The hydrogel can also include absorbed medicaments, enhancing chemicals, proteins, and the like, for stimulating local angiogenesis, cell contractility, cell growth, in addition to cell migration, for example. These can include, for example, aFGF (acidic fibroblast growth factor), VEGF (vascular endothelial growth factors), tPA (tissue plasminogen activator), BARK (β-adrenergic receptor kinase), β-blockers, etc. Heparin, or other anticoagulants, such as polyethylene oxide, hirudin, and tissue plasminogen activator, can also be incorporated into the hydrogel prior to implantation in an amount effective to prevent or limit thrombosis.

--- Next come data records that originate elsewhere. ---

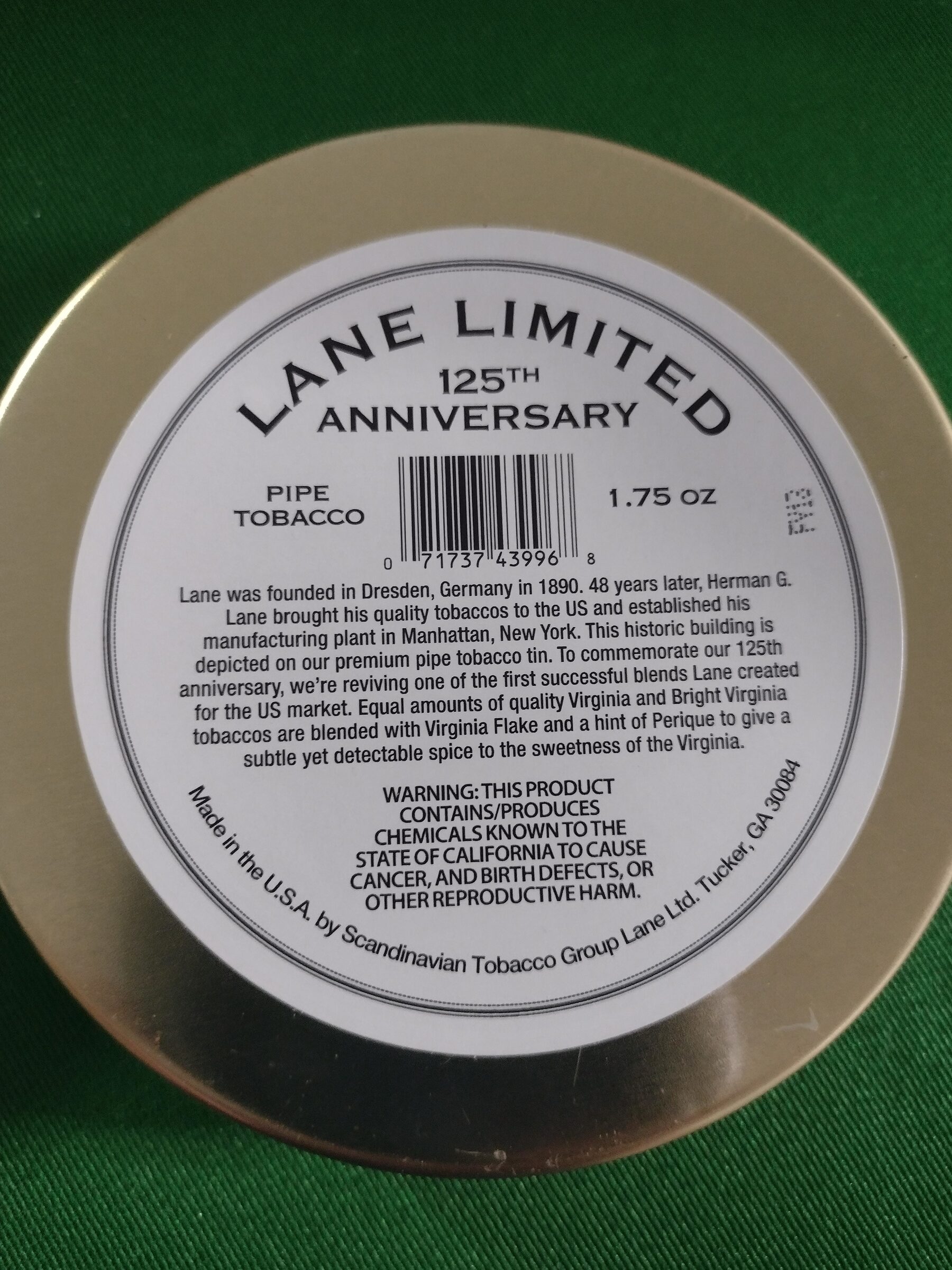1.75oz tin of Lane Limited 125th Anniversary. Date unknown but 5 years is a good guess. 5 day auction.
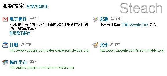 服務介紹:用自己的網域來綁定Google網路應用服務,像是Gmail、Google文件、Google日曆、Google Talk、Google Sites協作平台等。
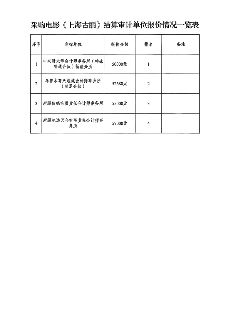 喀什经济开发区投资开发有限责任公司聘请《上海古丽》项目结算审计服务比价结果公示
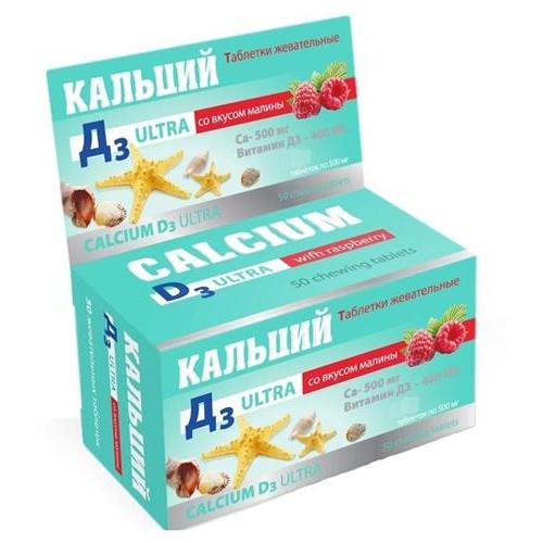 Кальций Д3 Ultra жевательные таблеки со вкусом малины 500 мг, 100 шт (kastd) в магазинах Ашан
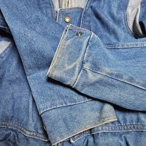 Vintage 80's 90's Denim Patchwork Distressed Bomber Jacket Large

“Biomaterial” as generally used herein refers to a material intended to interface with biological systems to evaluate, treat, augment, or replace any tissue, organ or function of the body depending on the material, either permanently or temporarily. The terms “biomaterial” and “matrix” are used synonymously herein and mean a cross-linked polymeric network which, depending of the nature of the matrix, can be swollen with water but not dissolved in water, i.e. form a hydrogel which stays in the body for a certain period of time fulfilling certain support functions for traumatized or defective tissue.
“Functionalize” as generally used herein refers to modifying a molecule in a manner that results in the attachment of a functional group or moiety. For example, a molecule may be Functionalize by the introduction of a molecule which makes the molecule a strong nucleophile or a conjugated unsaturation. Preferably a molecule, for example dextran, is Functionalize to become a thiol, amine, acrylate, or quinone.
“Adhesion site or cell attachment site” as generally used herein refers to a peptide sequence to which a molecule, for example, an adhesion-promoting receptor on the surface of a cell, binds. Examples of adhesion sites include, but are not limited to, the RGD sequence from fibronectin and the YIGSR (SEQ ID NO: 5) sequence from laminin. Preferably adhesion sites are incorporated into the biomaterial by including a substrate domain crosslinked to a matrix.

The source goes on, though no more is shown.